Artificial Neural Network, Exons, Introns, DNA Sequence, Circular Mapping, Donor Site, Acceptor Site

Короткий адрес: https://sciup.org/15012135

IDR: 15012135

Текст научной статьи Integrated Model of DNA Sequence Numerical Representation and Artificial Neural Network for Human Donor and Acceptor Sites Prediction

Published Online July 2014 in MECS

Human DNA molecule contains subsequences that code to protein chains. These subsequences are called genes. A gene is the basic physical and functional unit of heredity. In human cells, the gene sequences consist of exons and introns, where exon parts are responsible for producing proteins while the intron parts are rejected in the splicing process. The boundaries between exon and intron in gene sequence are known as splice sites. The exon-intron border is 5’ end of the intron or commonly known as donor splice site. It consists of a consensus dinucleotide ‘GT’ (first two nucleotides of the intron). While intron-exon border is 3’ end of the intron or commonly known as acceptor splice site. It consists of a consensus dinucleotide ‘AG’ (last two nucleotides of the intron) as shown in figure 1. Donor and acceptor sites consensus dinucleotides (GT and AG) might be occurred at locations other than acceptor and donor sites in a gene sequence. So, the prediction of these sites is very difficult. Accurate prediction of splice sites plays an important role in human genomic analysis and prediction. In technical literature, many computational methods have been developed for splice site detection[1]-[5]. These include, Bayesian networks, artificial neural network (ANN), discriminate analysis, support vector machine SVM. Computationally this can be achieved through artificial neural network.

Fig. 1. Donor and acceptor sites in gene

The paper is organized as follows. Section I presents this introduction. Basics of artificial neural network will be introduced in section II. Neural network is a method that can be used as a general approximate function for donor and acceptor sites prediction. It defines the relationship between the input patterns and the corresponding desired outputs. Section III introduces a schematic representation of donor and acceptor site predictions integrated model and each step will be explained in subsections. In section IV, information about DNA datasets that are used in neural network simulation will be presented. A comparison between different mapping techniques using trained neural network relative to accuracy in donor and acceptor sites prediction are include in section V. Finally, section VI concludes the paper.
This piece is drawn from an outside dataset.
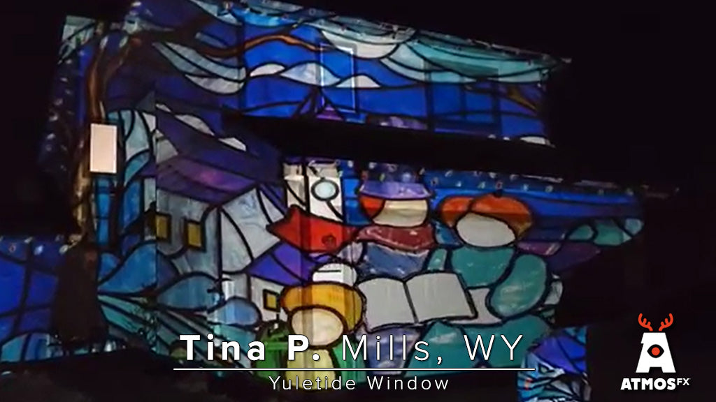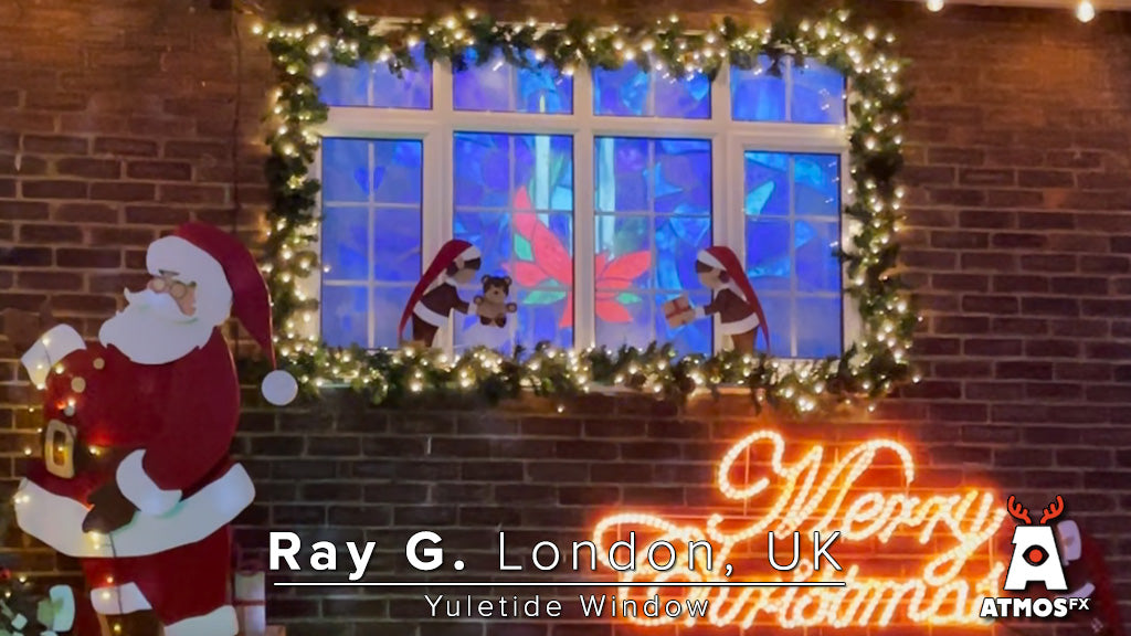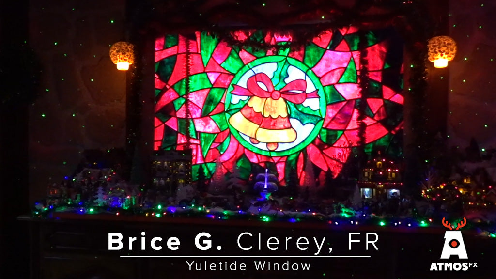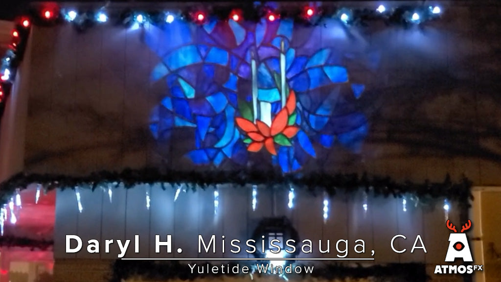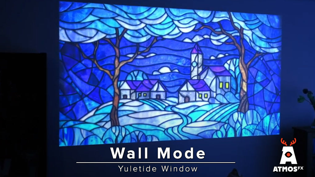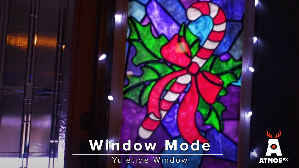 Few things better warm the winter light than the sun’s rays refracted through colorful stained glass. Create that same warmth at your home for your friends and family with the Yuletide Window Decoration, a radiant collection of holiday images, including Santa Claus, candy canes, holiday wreaths, and more. Rendered in both horizontal and vertical aspects, this colorful collection is perfect for projecting on windows and displaying on television screens. Or project onto the portable AtmosFX Decorating Disc XL for a stunning circular “window” you can hang anywhere. This beautiful single-scene decoration adds color and joy that can only be found during the Christmas season.

II. Artificial Neural Network Concepts

An artificial neural network (ANN), or simply neural network (NN), is a computational model of how a biological neural network works. NNs are composed of simple elements operating in parallel [2]. These elements are inspired by biological nervous system. As in nature, the network function is determined largely by the connections between elements. A NN can be trained to perform a particular function by adjusting the values of the connections (weights) and biases between elements. After NN is adjusted, or trained, a particular input leads to a specific desired output as shown in figure 2. The network is adjusted, based on a difference between the output of the NN and the desired output, until the network output matches the desired. In this paper training of NNs is performed using Matlab neural network toolbox to solve problems that is difficult to solve by human beings.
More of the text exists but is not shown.